Lunes, 12 Febrero 2018 05:37

Sofismas y cultura de la paz

Escrito por

“El buen ciudadano es aquel

que no puede tolerar en su patria un poder

que pretende hacerse superior a las leyes”.

-Marco Tulio Cicerón-

 

 

En México vivimos en una dualidad. En una dicotomía perversa. Por un lado vemos la violencia rampante, la corrupción y la impunidad, entre otros males, en todos los medios: en la familia, en la escuela, en el gobierno, en los medios de comunicación, y, actualmente, en los medios sociales, en fin, en toda la sociedad en su conjunto. Los sofismas, entendidos estos como argumentos falsos que se pretenden hacer pasar como verdaderos para confundir a la gente y alimentar falsas creencias y opiniones y enfrentarnos entre nosotros. Y, por otro lado, vemos los esfuerzos de psicólogos, sociólogos, académicos y gente buena que participa en las escuelas, en foros familiares y comunitarios para trabajar arduamente en la construcción de la cultura de la paz para el buen vivir.

La construcción de la paz parece imposible en nuestra sociedad. Debemos regresar al punto de partida. Tener leyes adecuadas y acatarlas. Seguimos viviendo en una sociedad donde las leyes se aplican a la voluntad e interpretación de quien las detenta. Y entre ellas se encuentran las llamadas “leyes vigentes pero ineficaces”. Ejemplos hay muchos. Ahí están los ordenamientos del Bando de Policía y Buen Gobierno de los municipios. Está clarísimo lo que está establecido ahí pero no se aplica. Ya he escrito sobre esto antes, y como ese ejemplo, hay muchos más.

La cultura de la paz es un tema urgente en nuestra sociedad. En varias instituciones se ha ido implementando poco a poco pero de manera firme. Facultades como la de Derecho y Psicología tienen materias que abordan el tema por lo urgente y necesario de su aplicación. Existe normatividad al respecto en algunos estados como el  Programa de Valores por una Convivencia Escolar Armónica de la Secretaría de Educación en el Estado de México al notar que el problema de  la violencia en las escuelas es cada vez más fuerte.

Lo he repetido constantemente en esta columna, la cultura de la paz es urgente y necesaria. Y, además debe ser promovida por los gobiernos y los partidos políticos apoyándose en las disciplinas y organizaciones que han estado trabajando intensamente en el tema. La paz no es la ausencia o inexistencia de conflictos, es imposible, dada la naturaleza del ser humano. Los conflictos siempre existirán. Lo importante es actuar previniéndolos, o aun cuando se dé uno, lo fundamental es que existan mecanismos pacíficos para su resolución.

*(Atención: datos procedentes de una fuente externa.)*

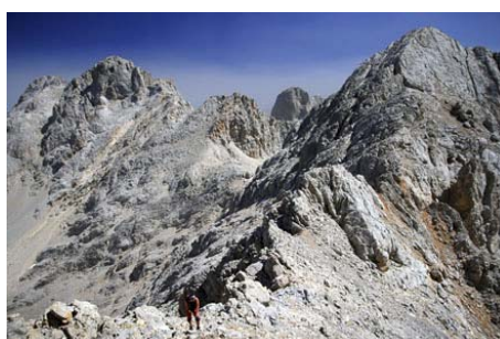
Rampas finales a la Torre de Coello
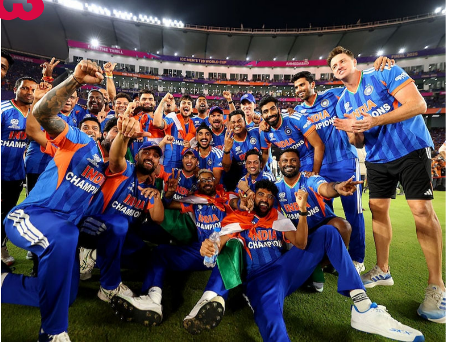
చేయడానికి సిద్ధంగా ఉందని చెప్పవచ్చు. ఇక 2027లో వరల్డ్ కప్ కూడా అందుకోవాలని ఫ్యాన్స్ కోరుకుంటున్నారు. మరి ఆ టోర్నీకి టీమ్ ఇండియా ఎలా సిద్ధమవుతుందో చూడాలి.

En la Declaración de la ONU sobre una cultura de la paz del 6 de octubre de 1999, el artículo 2 establece que “una cultura de paz se logra por medio de valores, actitudes, comportamientos y estilos de vida propicios para el fomento de la paz entre las personas, los grupos y las naciones.”

Ya es hora de considerar todos estos elementos para iniciar una nueva era. Una era de convivencia pacífica y armónica.

He leído tantos escritos en los medios sociales que se disfrazan de verdad pero sólo son eso, sofismas. Hay un video que vi, por ejemplo, que dice que si quieres un mejor país que debes comenzar contigo mismo. Ahí te dan varios “consejos” para lograrlo. Pero esto es una verdad a medias. Yo quiero ser una mejor persona y mejor ciudadano. Sin embargo veo y vivo la violencia por todos lados, he sufrido robos, abusos de autoridad, he visto esas lonas que colgaron hace unos días exhibiendo y difamando a una funcionaria de la alcaldía de Cuernavaca. Y ni mi mejor comportamiento ni mi observancia a las leyes van a hacer de éste un  mejor país porque no es posible hacerlo de manera aislada. Vivimos en sociedad. Por tanto, debemos construir una estructura que funcione para todos. Debemos trabajar hombro con hombro, mano con mano, hombres y mujeres, sociedad civil y gobierno para hacer de la cultura de la paz una realidad y mejorar nuestra forma de vivir tanto de manera privada como en la vida pública para construir un mundo feliz. Un mundo mejor para nuestros hijos aunque parezca una utopía.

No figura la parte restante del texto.